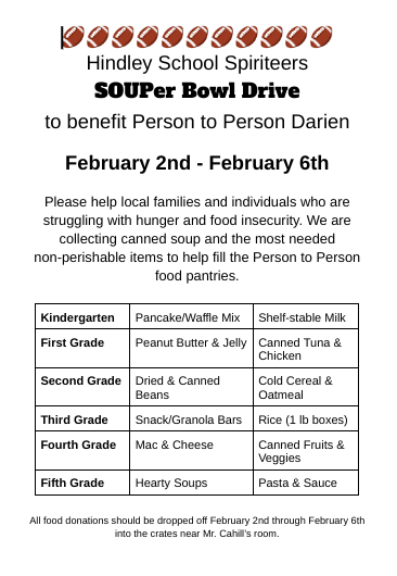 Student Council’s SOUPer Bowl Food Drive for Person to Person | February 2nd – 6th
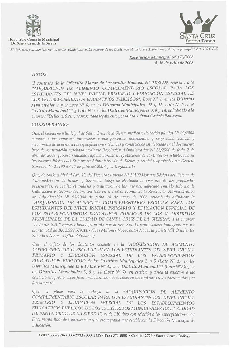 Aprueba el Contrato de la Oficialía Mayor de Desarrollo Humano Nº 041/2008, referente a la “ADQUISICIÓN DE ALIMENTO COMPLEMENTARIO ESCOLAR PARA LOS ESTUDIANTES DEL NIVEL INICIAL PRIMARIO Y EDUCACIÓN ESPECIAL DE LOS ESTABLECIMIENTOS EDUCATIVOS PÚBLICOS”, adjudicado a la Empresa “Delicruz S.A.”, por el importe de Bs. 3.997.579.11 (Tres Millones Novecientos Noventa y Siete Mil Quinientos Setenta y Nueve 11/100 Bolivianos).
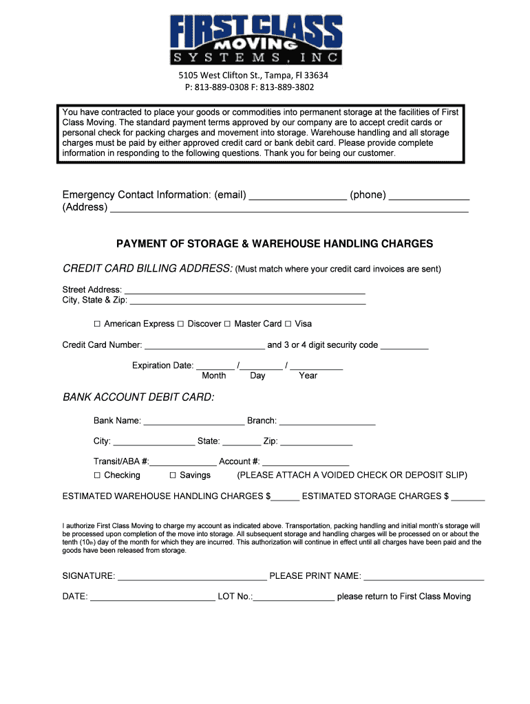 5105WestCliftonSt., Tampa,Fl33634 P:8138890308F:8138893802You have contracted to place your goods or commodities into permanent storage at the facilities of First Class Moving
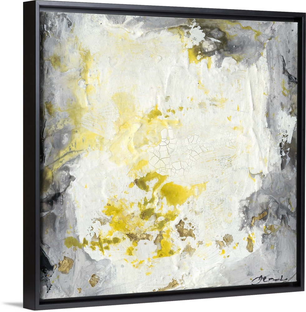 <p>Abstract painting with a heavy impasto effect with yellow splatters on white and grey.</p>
* * *
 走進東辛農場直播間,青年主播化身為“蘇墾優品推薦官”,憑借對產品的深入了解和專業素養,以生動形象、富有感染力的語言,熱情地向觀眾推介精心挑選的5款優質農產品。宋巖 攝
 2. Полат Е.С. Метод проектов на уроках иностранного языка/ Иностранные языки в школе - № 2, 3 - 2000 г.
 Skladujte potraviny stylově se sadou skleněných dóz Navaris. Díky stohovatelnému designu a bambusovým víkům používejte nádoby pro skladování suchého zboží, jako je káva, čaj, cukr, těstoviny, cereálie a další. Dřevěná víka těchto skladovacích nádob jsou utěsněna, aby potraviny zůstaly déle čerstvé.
...
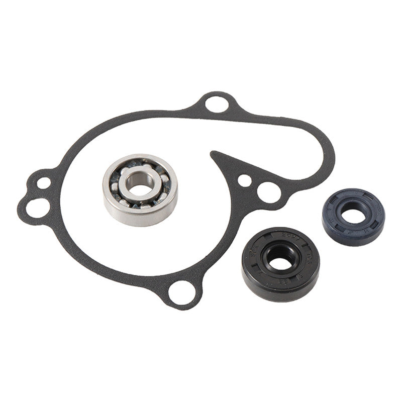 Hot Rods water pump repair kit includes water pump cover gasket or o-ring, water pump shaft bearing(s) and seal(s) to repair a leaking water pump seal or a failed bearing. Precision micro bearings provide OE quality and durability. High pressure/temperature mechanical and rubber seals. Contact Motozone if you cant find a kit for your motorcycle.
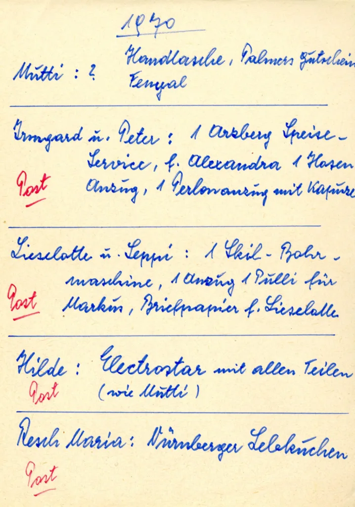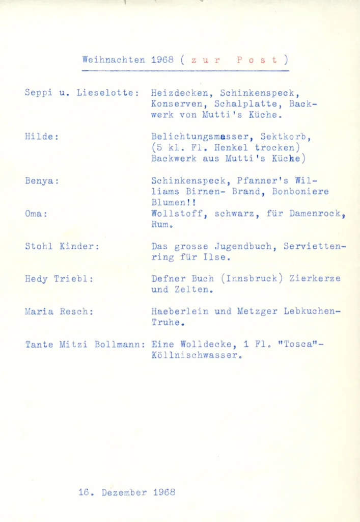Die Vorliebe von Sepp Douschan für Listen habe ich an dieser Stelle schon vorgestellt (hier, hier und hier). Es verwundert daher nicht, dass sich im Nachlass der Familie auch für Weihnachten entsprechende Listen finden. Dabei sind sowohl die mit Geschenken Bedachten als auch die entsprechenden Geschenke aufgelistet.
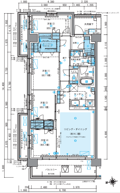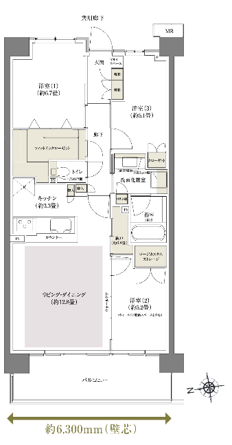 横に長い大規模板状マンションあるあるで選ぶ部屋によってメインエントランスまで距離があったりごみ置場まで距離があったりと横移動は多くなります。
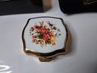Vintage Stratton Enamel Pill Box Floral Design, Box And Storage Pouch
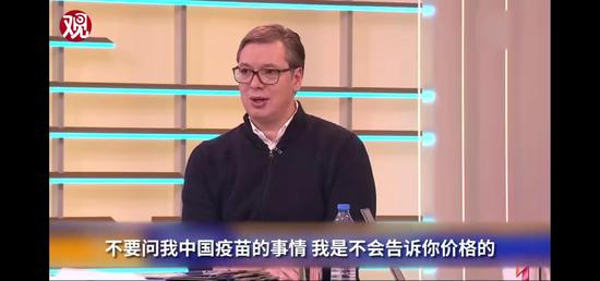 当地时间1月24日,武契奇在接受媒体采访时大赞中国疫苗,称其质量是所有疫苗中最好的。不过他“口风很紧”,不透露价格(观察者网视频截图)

THE TASK
With the pictures left out, write out exactly the lines above from the one containing "Hot Rods water" through the one containing "当地时间1月24日,武契奇在".

ANSWER SECTION
 Hot Rods water pump repair kit includes water pump cover gasket or o-ring, water pump shaft bearing(s) and seal(s) to repair a leaking water pump seal or a failed bearing. Precision micro bearings provide OE quality and durability. High pressure/temperature mechanical and rubber seals. Contact Motozone if you cant find a kit for your motorcycle.
Die Vorliebe von Sepp Douschan für Listen habe ich an dieser Stelle schon vorgestellt (hier, hier und hier). Es verwundert daher nicht, dass sich im Nachlass der Familie auch für Weihnachten entsprechende Listen finden. Dabei sind sowohl die mit Geschenken Bedachten als auch die entsprechenden Geschenke aufgelistet.
 横に長い大規模板状マンションあるあるで選ぶ部屋によってメインエントランスまで距離があったりごみ置場まで距離があったりと横移動は多くなります。
Vintage Stratton Enamel Pill Box Floral Design, Box And Storage Pouch
 当地时间1月24日,武契奇在接受媒体采访时大赞中国疫苗,称其质量是所有疫苗中最好的。不过他“口风很紧”,不透露价格(观察者网视频截图)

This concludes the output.